Он был весёлый совершенно искренне, стриженый, в старой шапке, и он всё время оглядывался на своих и махал.

Колька молчал.

Мишка стоял в третьем ряду.

Он не полез вперёд, не стал прощаться при всех и не произнёс ни одной речи, и это было на него настолько не похоже, что я специально посмотрел, где он.

Он стоял, засунув руки в карманы.

Когда стали садиться, он протолкался вперёд — быстро, боком, — и что-то сунул Кольке в карман телогрейки, и тут же отошёл обратно.

Что это было, я узнал только зимой.

Это был конверт. В конверте — четвертной, двадцать пять рублей, и записка в две строчки: «Пиши матери. И мне».

Колька его нашёл уже в райцентре, на сборном.

Он ему потом писал. За два года он написал Мишке восемь писем, и Мишка их все таскал с собой в мастерскую и читал вслух всем, кто соглашался слушать, и каждое письмо было длиной в полстраницы и содержало примерно ничего.

Мишка знал их наизусть.

Автобус тронулся в двадцать минут девятого.

Из окна махали, и снизу махали, и Дроботиха прошла за автобусом шагов пятнадцать, а потом остановилась.

Всё как всегда.

Разошлись быстро, потому что мороз и потому что в одиннадцать торжественное собрание.

Ко мне подошёл Прохоров.

Он подошёл, покашлял.

— Ты, Петь, это.

— Что?

— Ну, это. — Он смотрел куда-то в сторону автобусной колеи. — Дело житейское.

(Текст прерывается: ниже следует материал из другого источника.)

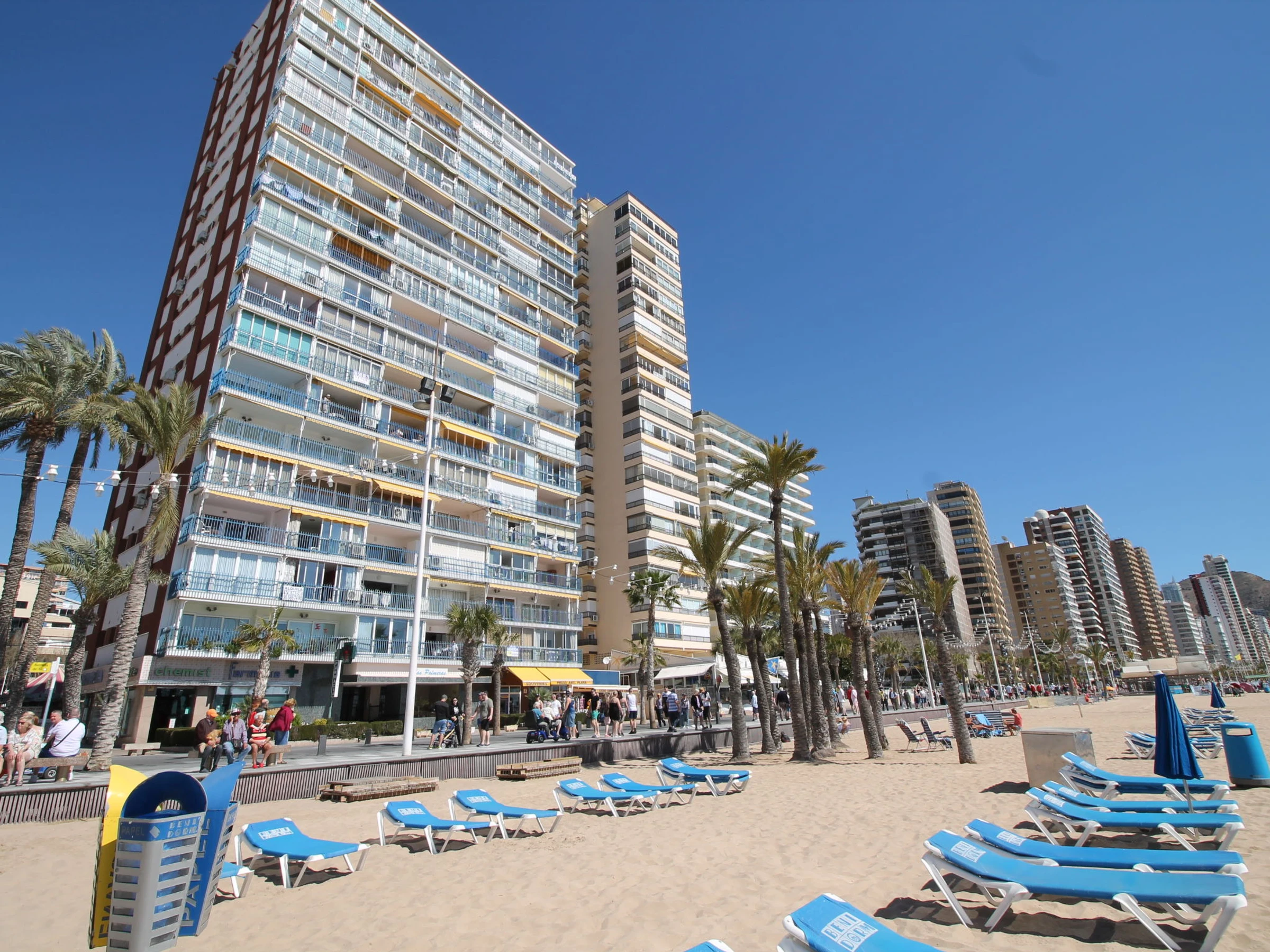 Playa Levante: Casa de apartamentos "Palmeras Playa Levante First Line", amplio, agradable de 18 plantas. En la localidad, a 200 m del centro de Benidorm, en el distrito Playa Levante, lugar céntrico, animado, soleado, en el corazón de la ciudad, a 20 m del mar, a 20 m de la playa, cruzando la calle, orientación este. En el inmueble: ascensor. Tienda 20 m, supermercado 150 m, bar 50 m, parada autobús "Benidorm" 200 m, estación de tren "Benidorm" 2 km. Campo de golf (18 hoyos) 6 km, rutas de senderismo desde la casa 300 m. Atracciones en los alrededores: Aqualandia 3 km, Terra Mitica 6 km, Terra Natura 6 km, MundoMar 3 km, Alicante 45 km, aeropuerto Alicante 66 km. A tener en cuenta: equipamiento para bebés a demanda. El propietario no acepta grupos de adolescentes/jóvenes. Vecindario muy sensible a ruidos. Se ruega respetar la tranquilidad y normas de buen comportamiento.

Вот так я узнал, что село уже знает.

Прошло полтора суток. Из них — воскресенье, когда все дома, и суббота вечером, когда я вышел от Тихоновых в девятом часу и меня видели человека три.

Полтора суток.

Собрание было в клубе, в одиннадцать.

Клуб был натоплен и украшен: кумач, портреты, лозунг «Слава Великому Октябрю» через всю сцену, стулья в двенадцать рядов.

Пришло человек сто двадцать.

Доклад делал Ситников.

Он делал его двадцать пять минут, по бумаге, ровным голосом, и никто его не слушал, потому что доклад на Октябрьские никто не слушает никогда: там всегда одно и то же, и все это знают, включая докладчика.

Потом было награждение.

Награждали по итогам уборки: грамоты правления, грамоты райкома, денежные премии от пятнадцати до сорока рублей.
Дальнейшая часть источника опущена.